# Removing grids from double pane windows?



## dd57chevy

It's difficult to determine _what_ exactly you're asking . I understand you want a different grid (muntin bar) configuration , but after that things are unclear . Are you attempting to install new _IG's* _in your sashes ? Or are you talking about actually opening the airspace & removing your existing muntins & resealing the IG*?

*IG = insulated glass unit (2 pcs glass sandwiched with an airspace ).


----------



## dannieboiz

I'm not looking to install anything new, I just want to open the IG up and completely delete the grids inside. They're just vinyl and appears to be pushed in the edges with plastic clips. 

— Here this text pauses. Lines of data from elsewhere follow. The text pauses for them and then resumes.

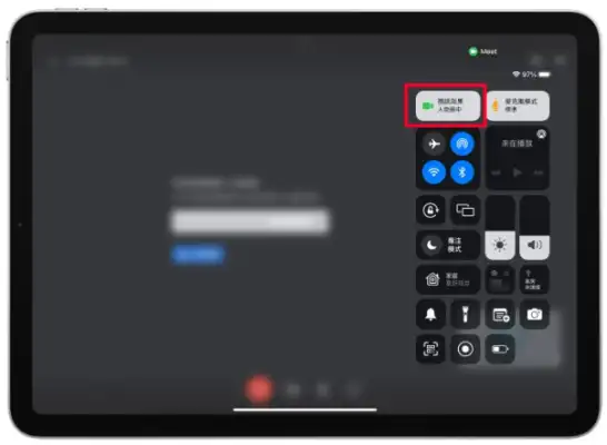 使用iPad 进行视频线上课程、会议时,从画面的右上角下拉出控制中心,就能看到最上方有一个「视频效果」的选项。如果下拉控制中心没有看到视频效果选项的话代表你手上拿的iPad 机型不支持人物居中功能。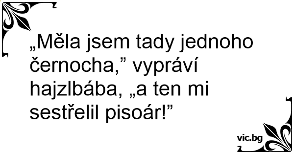 „Měla jsem tady jednoho černocha,” vypráví hajzlbába, „a ten mi sestřelil pisoár!”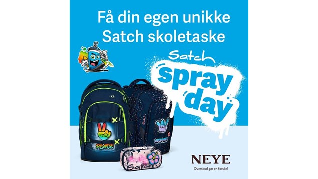 SATCH Spray Day i NEYE Onsdag, d. 29. maj kl. 14-18 går det løs! Denne dag kan du få dekoreret din Satch skoletaske eller penalhus med et sejt motiv - helt gratis Hvis du ikke allerede er den heldige ejer af et Satch produkt, har du mulighed for at købe det i butikken på dagen.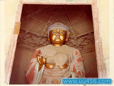 走进第一层塔的南门,迎面便是高约10米的释迦塑像。顶部有精美华丽的藻井。内槽的墙壁上,画有六幅如来佛像,门洞两侧的墙壁上,也绘有金刚、天王、弟子等壁画。壁画中最引人注目的是内槽门额壁板上的三个女供养人。画面虽不大,但人物的体态匀称,面容丰满,神情安详而虔诚,衣带似被微风吹动,在表态中给人以动的感觉。画面的色彩至今仍很鲜艳,可能是后人在辽画的基础上重新描饰的。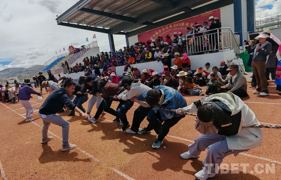 文藝演出落幕,文體活動接棒升溫。100米、200米賽道上,選手們?nèi)珉x弦之箭,奔跑中揚起的塵土里;拔河繩兩端,隊員們腳蹬大地、身向后仰,加油的號子聲震得地上的石子都在跳;抱沙袋、押加項目中,選手們咬緊牙關(guān)、全力拼搏,圍觀群眾的吶喊助威聲浪一波高過一波;穿藏服拌糌粑環(huán)節(jié),大家整理衣襟、系緊腰帶,青稞粉與礦泉水在手中交融,香氣里飄著“共話家?!钡臏厍椤宽椈顒佣际且淮巍靶呐c心的對話”,讓團結(jié)的種子在互動中生根發(fā)芽。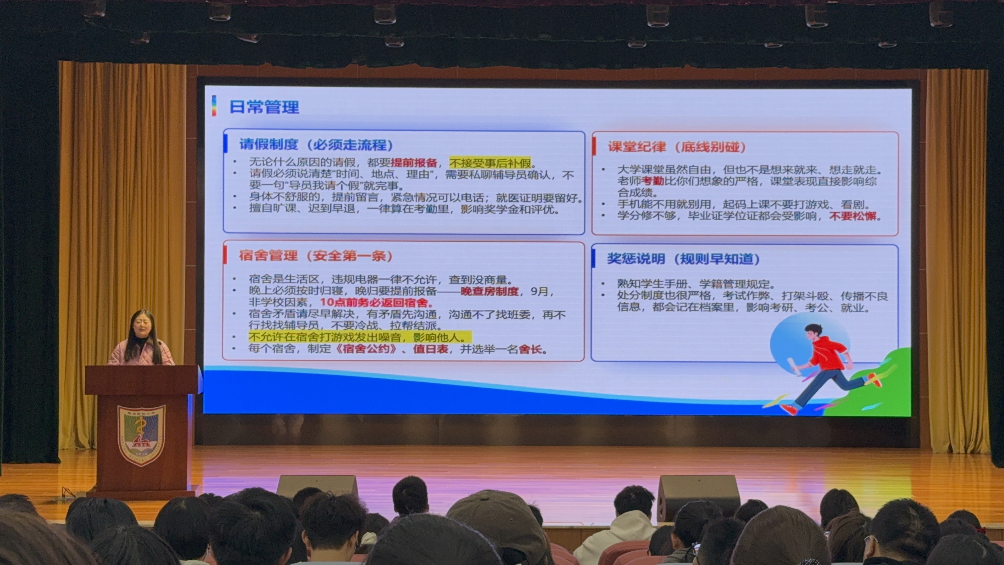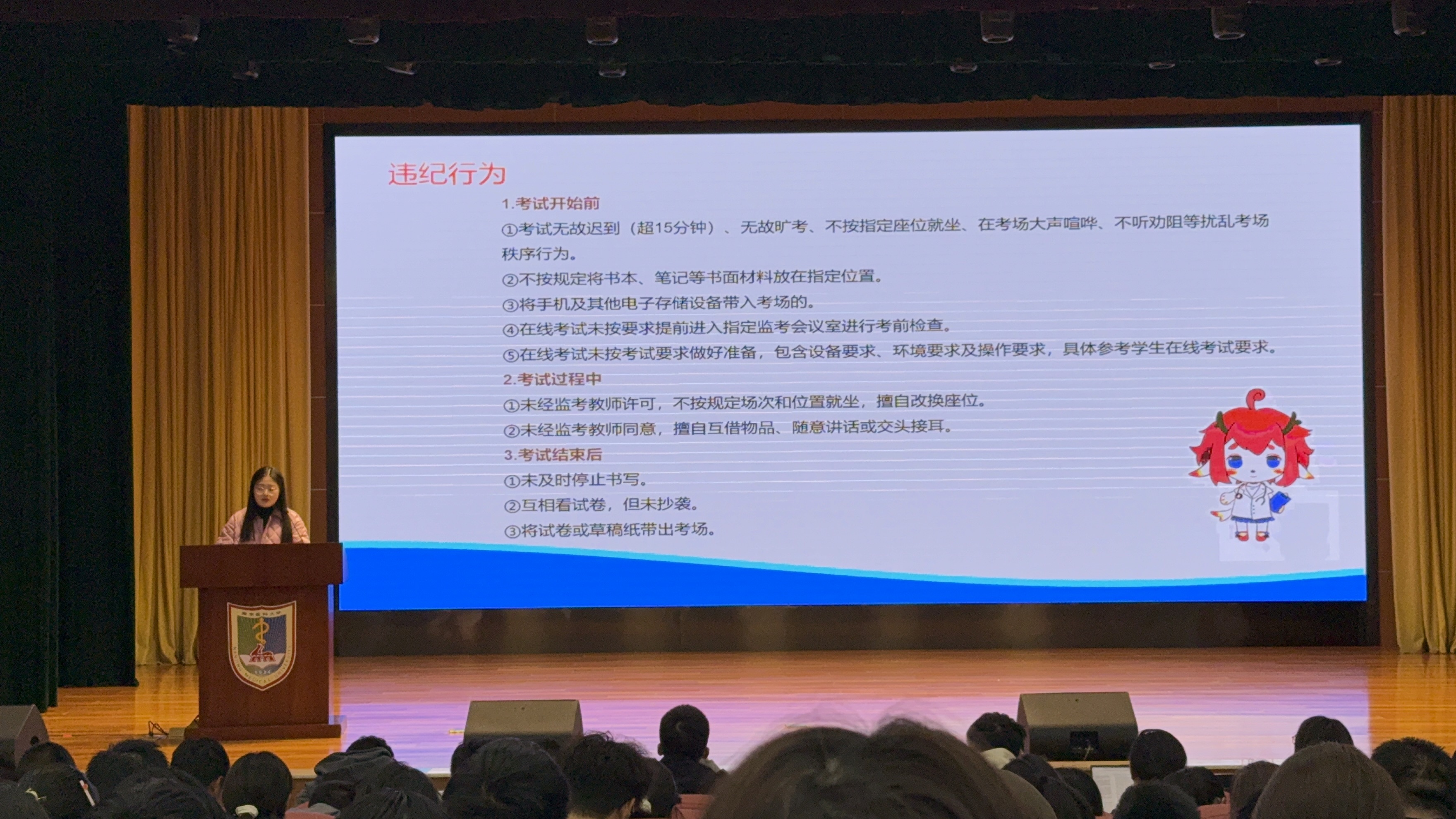 为了迎接即将到来的期中考试,督促同学们在学习和生活中积极上进,11月18日下午,第一临床医学院2025级全体同学在大学生活动中心参与了年级大会暨诚信考试教育。本次大会由2025级全体辅导员主持召开。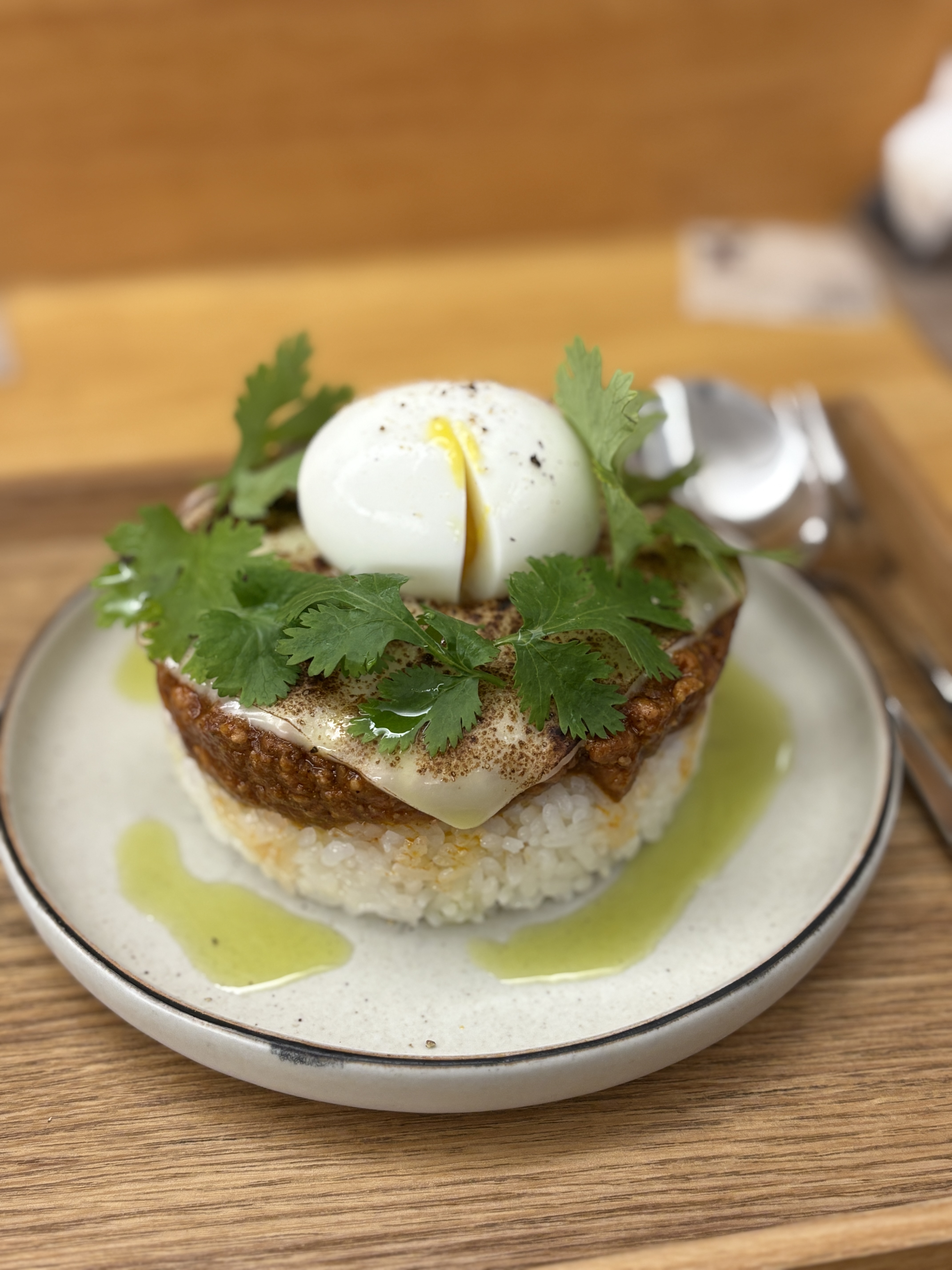 다음으로 나온건 키마카레. 치즈가 추가된 메뉴로 주문했습니다. 정석적인 방식으로 조리한 키마카레를 탑처럼 쌓아올렸고 치즈를 올려 토치질 해주었습니다. 위에는 수란이 올라가있구요. 계란 노른자와 치즈, 그리고 꾸덕한 커리가 만나서 완성되는 맛입니다.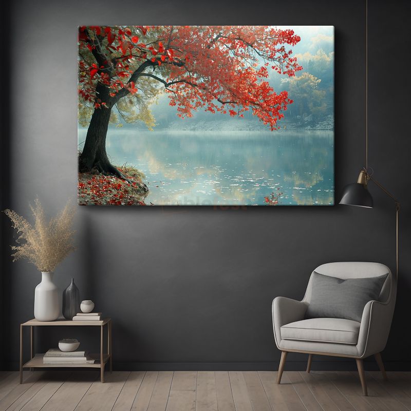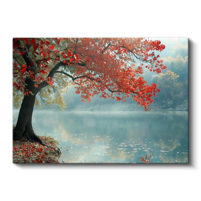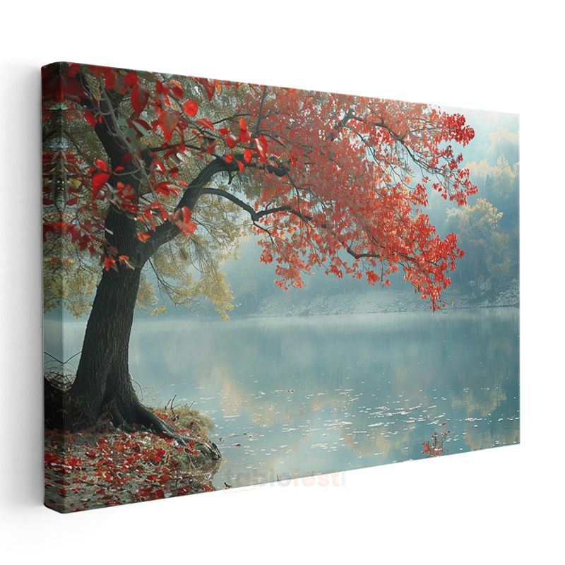 Kırmızı Ağaç - Sisli Göl Kenarında Huzur Kanvas Tablo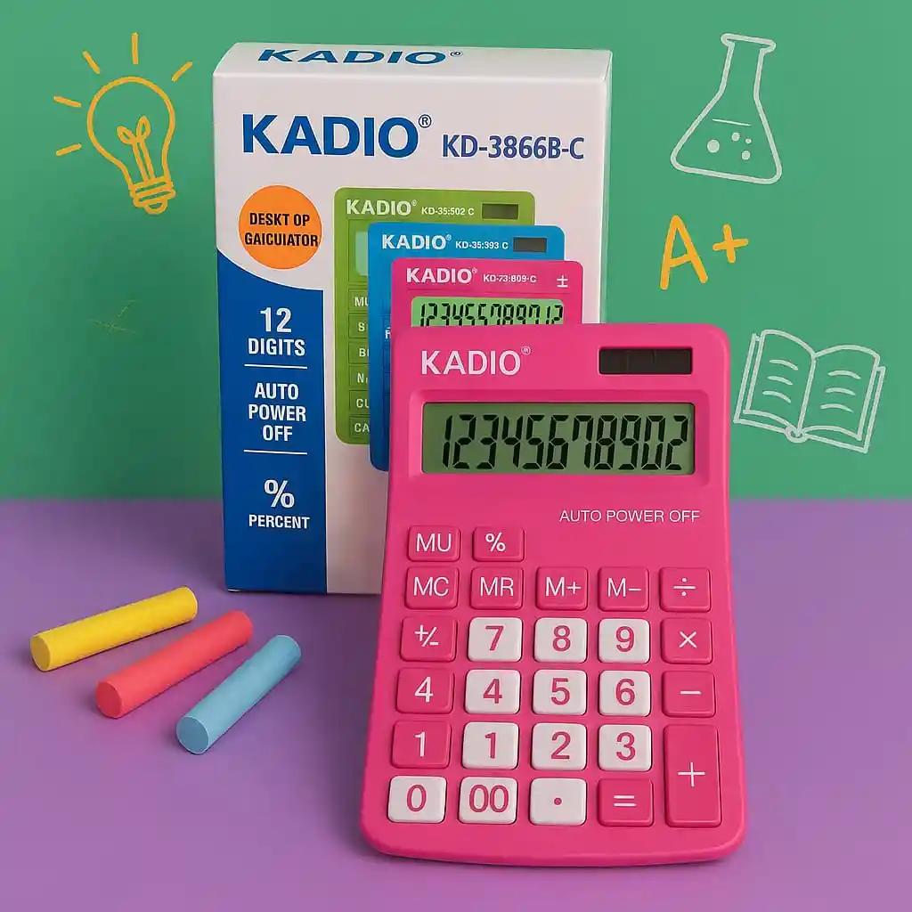 Calculadora Kadio KD-3866B-C Rosada Descripción: Agrega estilo y funcionalidad a tus estudios o espacio de trabajo con la calculadora de escritorio Kadio KD-3866B-C. Con un diseño moderno en color rosado, esta calculadora ofrece una pantalla de 12 dígitos de fácil lectura y funciones básicas ideales para operaciones cotidianas. Su teclado amplio y cómodo garantiza una experiencia práctica tanto en el entorno escolar como en la oficina. ✔ Pantalla grande de 12 dígitos ✔ Función de apagado automático ✔ Teclas suaves y fáciles de usar ✔ Diseño liviano y portátil ✔ Ideal para estudiantes, docentes y profesionales ¡Un toque de color que combina utilidad y estilo en cada cálculo!

I guess what I'm asking is how difficult is it to separate the IG and what should I use to seal them back together? 

After that I think I should be able to pull out those ugly grids.


----------



## dd57chevy

It is nearly impossible to cut an IG without breaking the glass . I've been _installing_ them since 1979 & would probably have 2-3% success at what you're attempting !

But even if you're successful (or buy a new _single _piece for the one you break ) you'll probably end up with condensation in the airspace .


----------



## jlhaslip

Nah! You don't want to be pulling a sealed unit (IG) apart. Major headache and you will definitely have condensation issues on re-install.
If the muntin bars are really bothering you, buy some new sealed units without the bars and simply replace the sealed units.


----------



## dd57chevy

***Senior moment advisory***

After reviewing the thread , something _OBVIOUS_ occurred to me . In order to even _attempt _to cut one side of an IG loose , you would have to remove it from the sash/frame ..........the chances of an _experienced glazier _doing this w/out cracking the glass is less than 50% . 

IG replacement would probably be advisable .


----------



## Mikeron

I used to salvage glass units and make new ones all by hand, (cold melt) but in your case it is simply cheaper to have new grid less ones made.


----------